◆ **DATA**
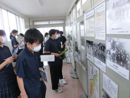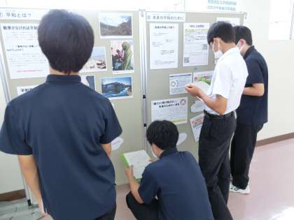 クラスごとに、じっくり見学して、アンケートに記入しています。
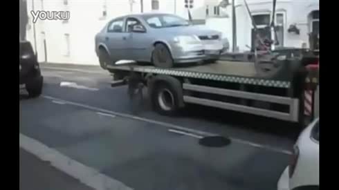 谁敢动我的车!超牛司机直接开车下拖车
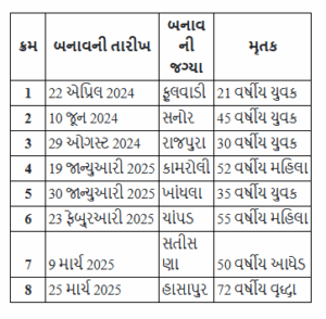 ગયા એક વર્ષ દરમિયાન જિલ્લાના ગ્રામ્ય વિસ્તારોમાં મગરના હુમલામાં કુલ 8 લોકોના મોત થયા છે. રાજ્ય સરકારે આ તમામ મૃતકોના પરિવારોને રૂ. 65 લાખનું વળતર ચૂકવ્યું છે. શહેર વિસ્તારમાં મગરના હુમલાના એક પણ બનાવ નોંધાયા નથી.
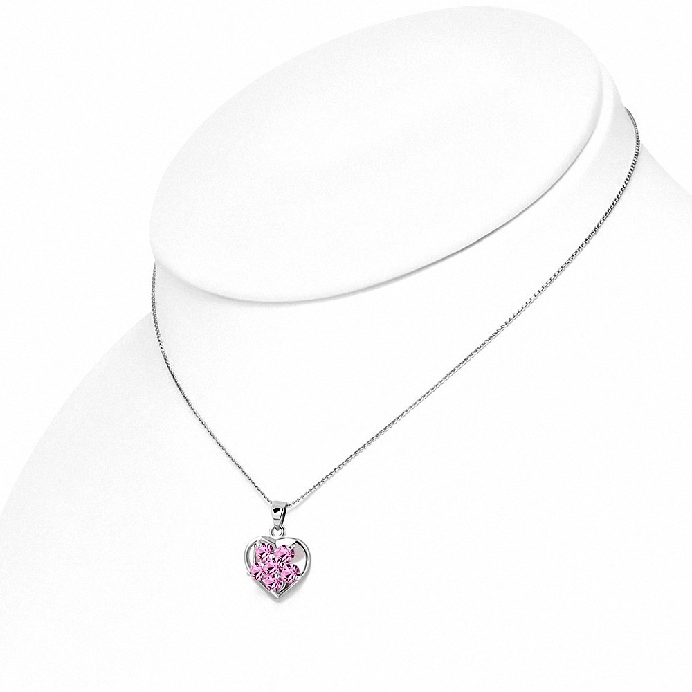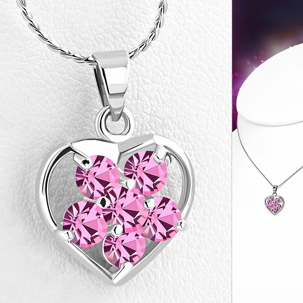 Alliage de mode cristal fleur ouverte collier coeur amour charm chaîne rose rose CZ Alliage de mode cristal fleur ouverte collier coeur amour charm chaîne rose rose CZ

◆ **WHAT YOU SHOULD DO**
Output the data above in full and exactly, with every image left out.

◆ **EXPECTED OUTPUT**
 クラスごとに、じっくり見学して、アンケートに記入しています。
 谁敢动我的车!超牛司机直接开车下拖车
 ગયા એક વર્ષ દરમિયાન જિલ્લાના ગ્રામ્ય વિસ્તારોમાં મગરના હુમલામાં કુલ 8 લોકોના મોત થયા છે. રાજ્ય સરકારે આ તમામ મૃતકોના પરિવારોને રૂ. 65 લાખનું વળતર ચૂકવ્યું છે. શહેર વિસ્તારમાં મગરના હુમલાના એક પણ બનાવ નોંધાયા નથી.
 Alliage de mode cristal fleur ouverte collier coeur amour charm chaîne rose rose CZ Alliage de mode cristal fleur ouverte collier coeur amour charm chaîne rose rose CZ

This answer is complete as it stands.